И тут Саша понял, из-за чего поднялась эта, на первый взгляд, совершенно ненужная и жестокая стрельба. Девять (Саша быстро научился считать трупы врагов) бычков, что сейчас вздрагивали в конвульсиях на асфальте — они были вооружены. Такие же автоматы, закинутые за спины, никто из них не успел даже выстрелить. И все они были в голубых штанах. Верно, последний курс из школы милиции. Формы настоящей еще не выдали, а под ружье уже поставили.

Хреново, видать, поставили…

Как же быстро привыкаешь к войне. Это знание поражает, ошеломляет. Годы воспитания, десятилетия учебы, столетия цивилизации — все это исчезает, осыпается, как шелуха со зверя, с человека, с мужчины, приученного миллионами лет эволюции — убивать. Теперь ему будет дико видеть человека без оружия. Да и самому неуютно без тяжелого ремня за плечами. Доигрались. Вон те двое, которых положил Саша, раскинулись на асфальте — доигрались.

— Вашу… мать, — с ненавистью сказал Александр.

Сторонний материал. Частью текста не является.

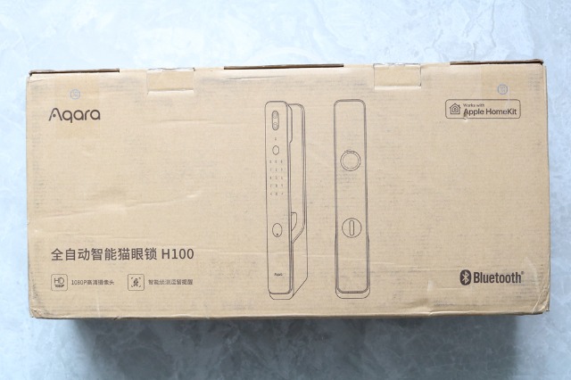 Aqara全自动智能猫眼锁H100的外包装采用了比较适合对于远途运输的牛皮纸包装。外包装也是把锁体的外观展现出来,作为全自动智能猫眼锁,也把几个突出的亮点展现出来:支持APPLE HomeKit、蓝牙连接、支持1080p高清摄像头、智能侦查,逗留提醒。当然下方咱们也会根据这几个功能来进行实际体验。
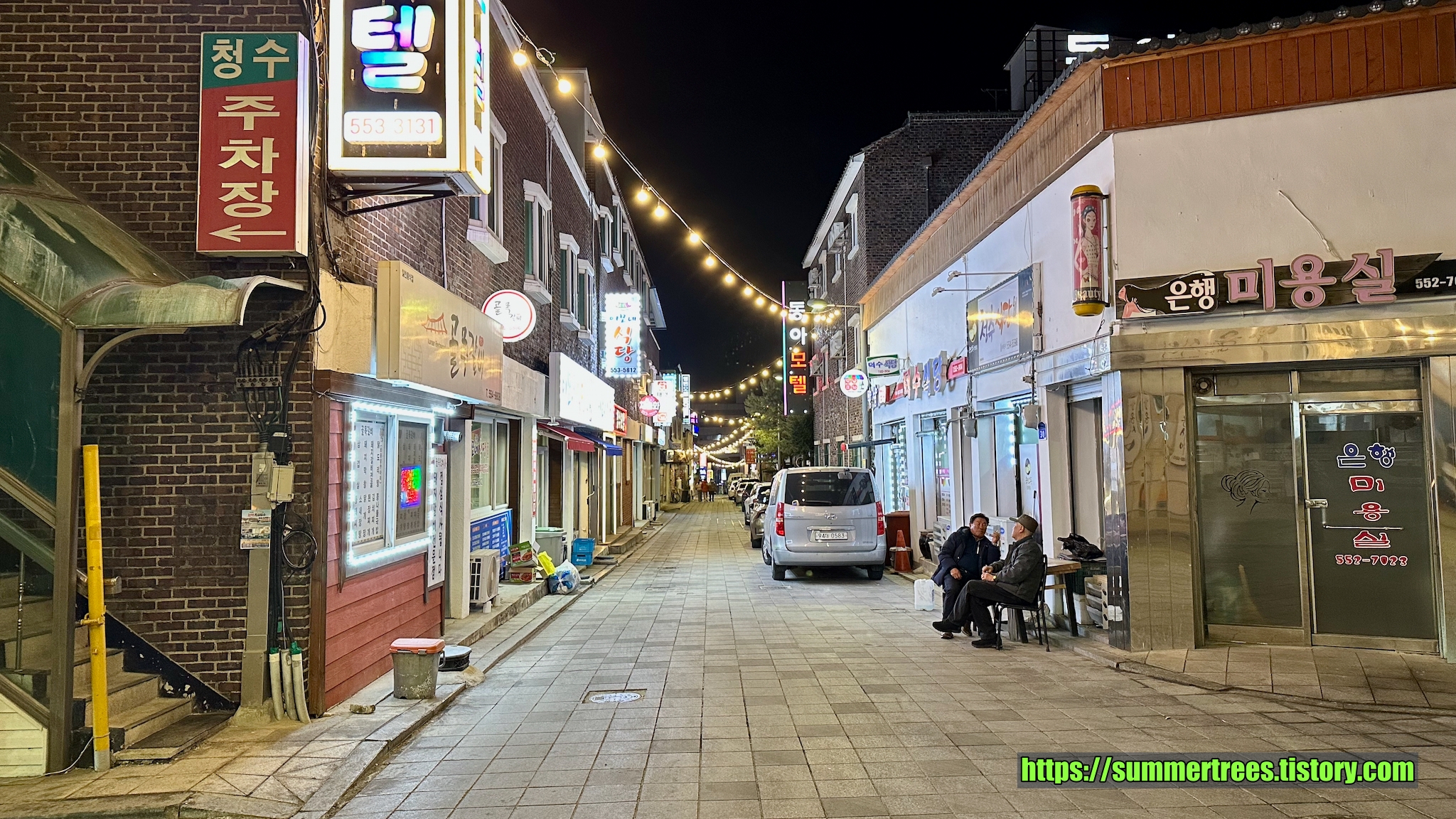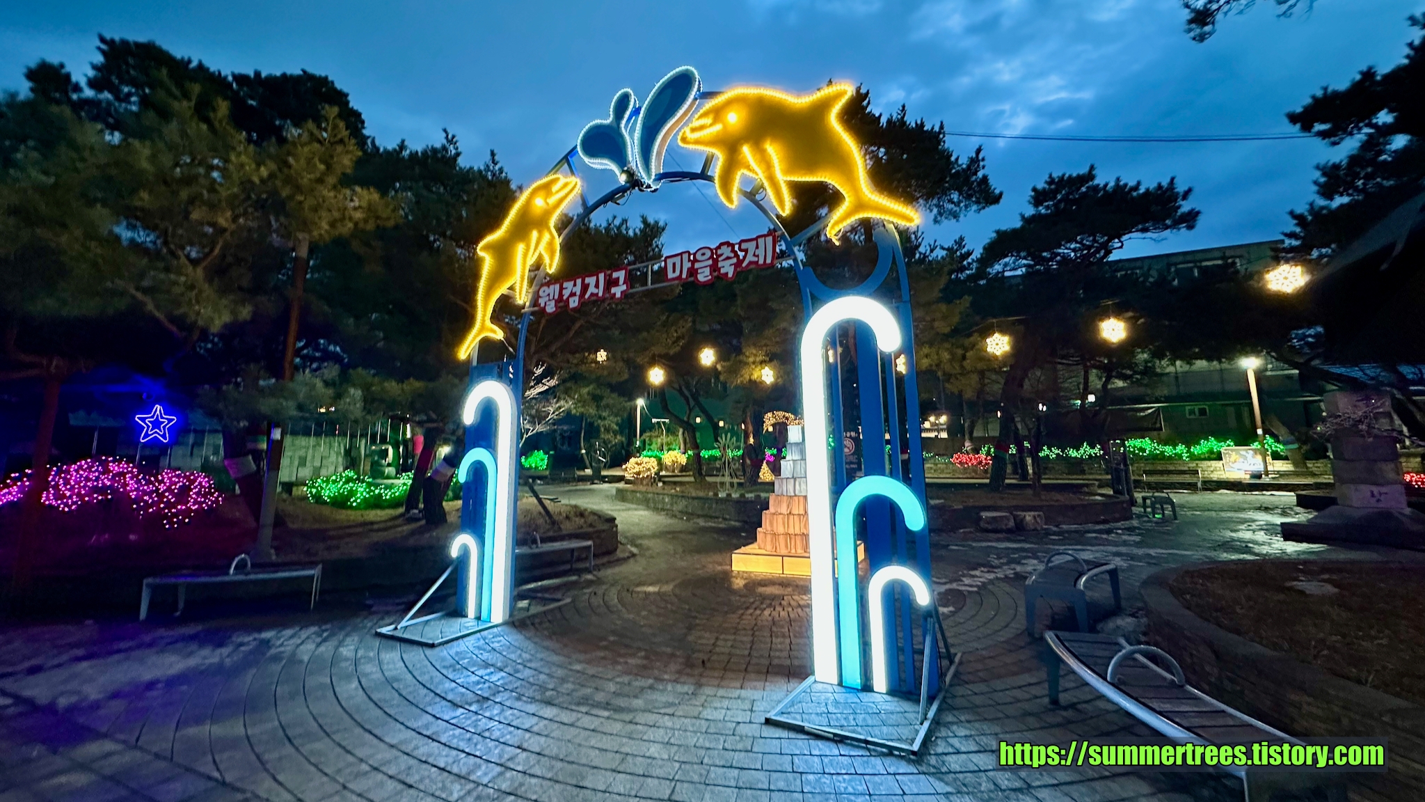 마침 숙소 부근에 조그만 공원이 있고, 야간 조명을 이쁘게 해놨다.

Шар покатился, сдвинулся с места. Наше общество не пирамида — оно шар. Не важно: кто наверху? Царь? Президент? Бывший боевик? Чаще всего важнее тот, кто в самом низу. В конце концов, Есенин тоже был бомжом. Саша смотрел телевизор, знает. А потом про Есенина стали говорить — светоч, второй Пушкин. Рязанский мужик. Или сибирский мужик — Распутин. Или никому не известный, объявленный вне закона террорист Иосиф Джугашвили… Дядя Леша. Тоже вне закона, враг народа, полицай, живущий на краю вселенной. Он, понял Александр, он захотел… взял в руки ружье, которое столько лет лежало и молчало. Шар вздрогнул от движения слабого и беспомощного старика. Все, не остановить… А кто решил, что его нужно останавливать? Пусть покатается всласть, раздавит налипших паразитов, очистится от ржавчины, накалится от движения, отполируется, смоет кровь и вымажется машинным маслом.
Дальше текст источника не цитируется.